(TASK STATEMENT): Using the listing below, print the line containing "Một đoạn clip", the line containing "新しい本革男性携帯バッグ多機", and each line between them, exactly and nothing else. Pictures stay out of the print.

(SOURCE MATERIAL):
-*-
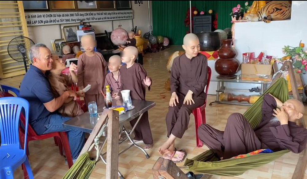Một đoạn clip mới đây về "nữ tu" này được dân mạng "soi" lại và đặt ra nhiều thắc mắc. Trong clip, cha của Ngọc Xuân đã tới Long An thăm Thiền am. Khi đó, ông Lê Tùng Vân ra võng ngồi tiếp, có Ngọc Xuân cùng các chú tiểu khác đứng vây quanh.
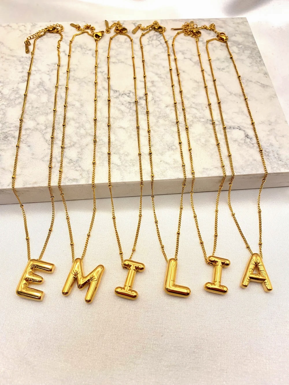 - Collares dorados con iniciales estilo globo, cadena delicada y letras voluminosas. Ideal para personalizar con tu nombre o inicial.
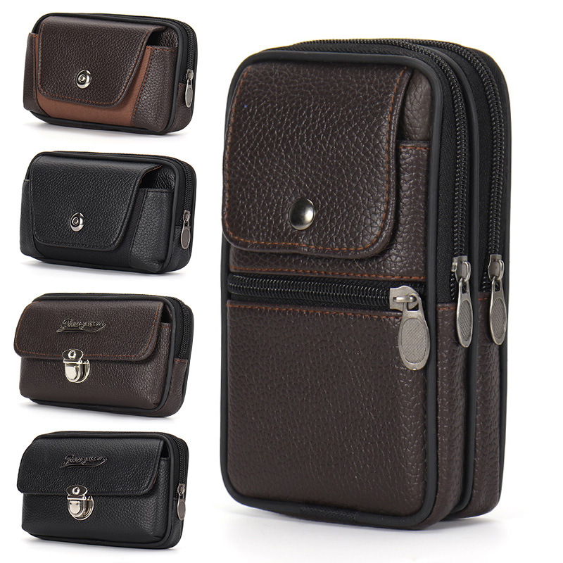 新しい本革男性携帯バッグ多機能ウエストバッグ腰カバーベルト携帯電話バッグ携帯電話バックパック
-*-
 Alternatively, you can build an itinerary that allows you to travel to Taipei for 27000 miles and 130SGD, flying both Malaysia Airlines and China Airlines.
-*-
(SOLUTION TO THE PROBLEM):
Một đoạn clip mới đây về "nữ tu" này được dân mạng "soi" lại và đặt ra nhiều thắc mắc. Trong clip, cha của Ngọc Xuân đã tới Long An thăm Thiền am. Khi đó, ông Lê Tùng Vân ra võng ngồi tiếp, có Ngọc Xuân cùng các chú tiểu khác đứng vây quanh.
 - Collares dorados con iniciales estilo globo, cadena delicada y letras voluminosas. Ideal para personalizar con tu nombre o inicial.
 新しい本革男性携帯バッグ多機能ウエストバッグ腰カバーベルト携帯電話バッグ携帯電話バックパック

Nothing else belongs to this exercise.